Tuesday, July 29, 2014

Signs

Things are getting better, slowly. I'm finding my new pug-less normal, which let's be honest, being down a pug really sucks. The kids have been distracting me from my grief, which is both good and bad. Sometimes I just want to be alone and cry, but then someone will be peeling off all of his clothes and another someone will need help getting her Barbie dressed, and I’m forced to deal with the reality of my day, in my face, rather than the tears.

I miss the little thing so much, and I feel her absence everywhere. I miss the “thuh-thunk” of her hopping up on the bed at night, as she needed to jump on a trunk to get up there. I miss her immediate presence when something is dropped on the kitchen floor. I miss her clean-up duties, as I now have to get out the broom after every meal and I knew she cleaned up the crumbs but oh my God did she clean up some crumbs. I kicked a kid’s soft rattle in the basement, twice, and the first time I had to turn around to see what it was because it must have been something Marti rattled around.

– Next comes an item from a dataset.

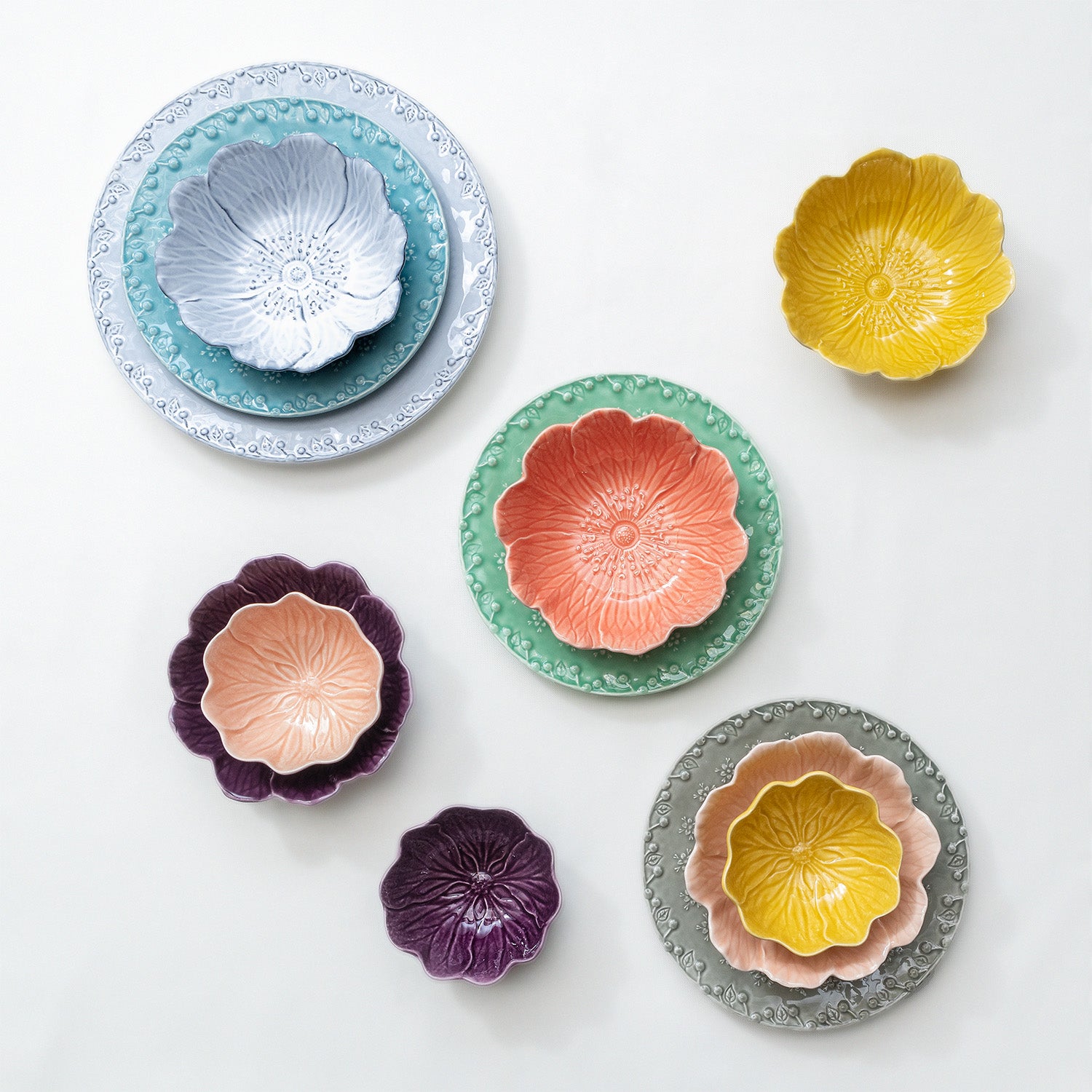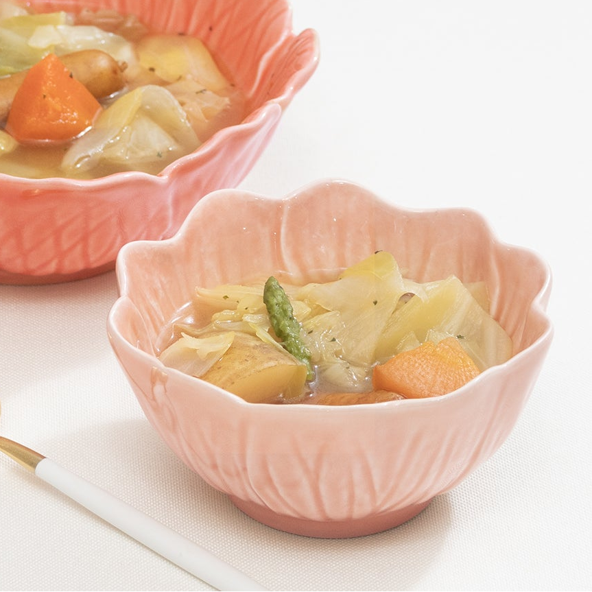 ポルトガルの有名食器ブランド・ボルダロより新しいシリーズ『Floraフローラ』が誕生致しました。野バラが咲いた様なボウルは美しい4色カラー展開。表面の光沢ある釉薬は柄をより引き立たせています。

Days go by without me opening the back door. I can vacuum without having to worry about Marti freaking out. The fire alarm started beeping its low-battery warning the other day during Owen’s nap. He slept right through it, but he wouldn’t have slept through Marti’s barking at it every two minutes. Someone throws a Kleenex on the ground, and I don’t jump up to wrangle it out of Marti’s mouth.

In the mornings, the kids test me. Owen refuses to get diapered and dressed without a fight --- a literal punching and kicking fight sometimes --- and depending on which side of the bed Avery woke up on, she can be unruly too. There was no wrong side of the bed with Marti. Doors would get slammed as I’d wait for the kids to run off some energy before coming to cooperate with me (particularly as it became harder for me to heave myself off the floor to chase them), and Marti and I would be left looking at each other like, “Kids these days.” I could always count on her to be nice and not slam the doors.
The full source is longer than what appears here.